Figure 3 is self-refuting. There are 6 conditions described, each with 6 data points representing points out of qualification. Each condition has 95% confidence intervals established. In each of the six cases, at least one of the six data points lies outside the 95% confidence interval. The probability of that happening by chance is somewhere in the range of 1 in 3000. Either 6 out of 7, or 7 out of 8 of the outliers are below the bounds. I think the ‘bootstrapping’ algorithm that Bartoli uses is in this case significantly underestimating either the standard deviation or the kurtosis of the underlying distributions. Both of these failures mathematically lead to increases in false positives in analysis. OLS says it is significant, but OLS assumes a normal distribution, while the incident count truncates at zero – important given than over half of the datapoints are zero. Here, OLS is using a normal distribution to estimate a power-law distribution – the normal distribution estimated will almost inevitably have a thinner right tail than the power-law distribution, resulting in false positives.
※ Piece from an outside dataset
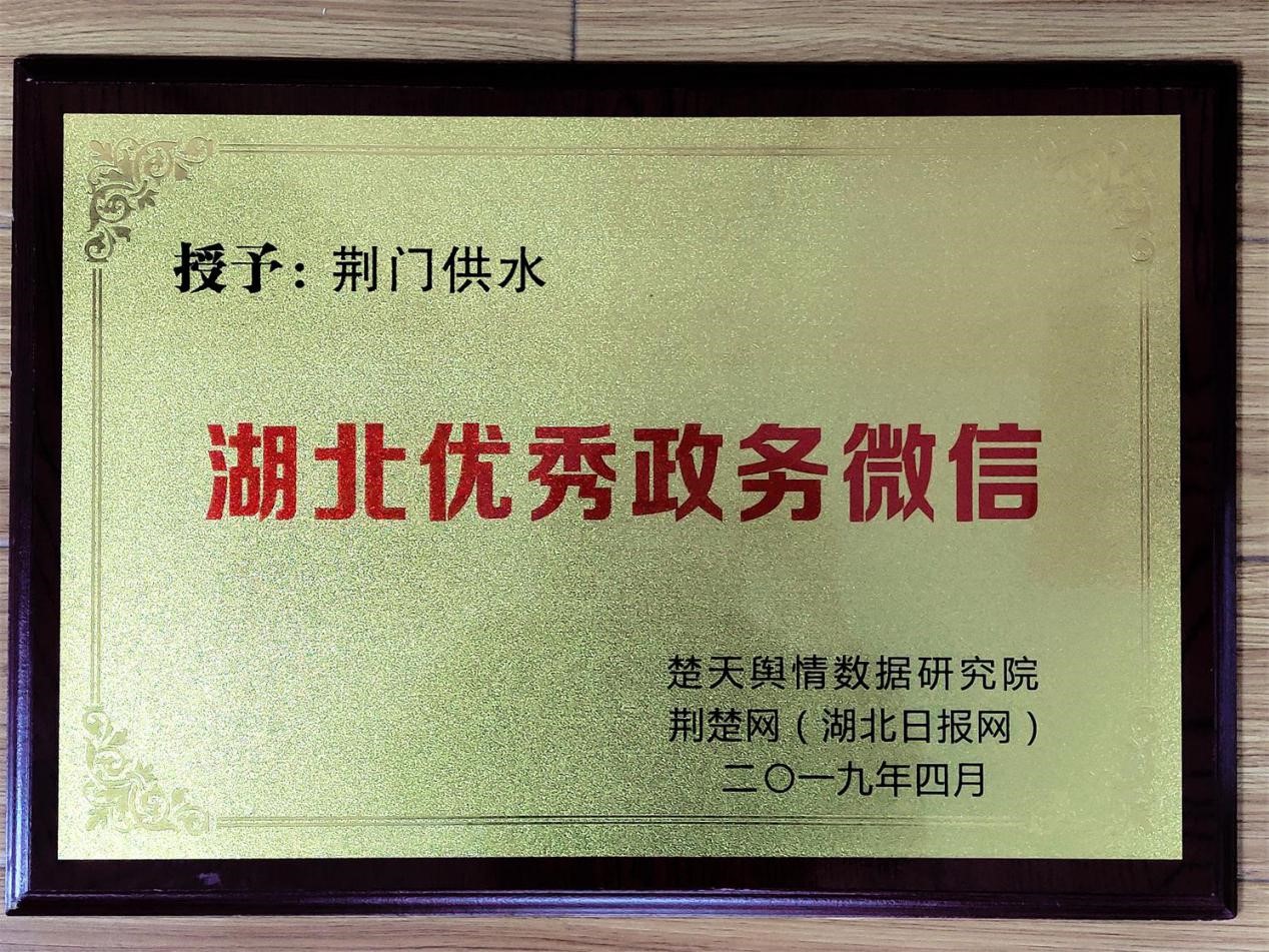 4月26日上午,由省委網(wǎng)信辦指導、湖北日報傳媒集團主辦的2019湖北第二屆政能量峰會在武漢舉行。會上,“荊門供水”微信公眾號被楚天輿情數(shù)據(jù)研究院、荊楚網(wǎng)(湖北日報網(wǎng))表彰為“全省優(yōu)秀政務微信公眾號”。

The trend that leaps out at me is that losers appear to undergo a significant decrease in aggression starting before the loss, which persists past the World Cup year. There is potentially as much evidence here that failure suppresses nationalist feeling as there is that qualification ramps it up – the aggression numbers appear to decrease for the losers by about as much as the aggression numbers appear to rise for the winners. I suspect that this is spurious and random, but it must account for some of the significance in the difference.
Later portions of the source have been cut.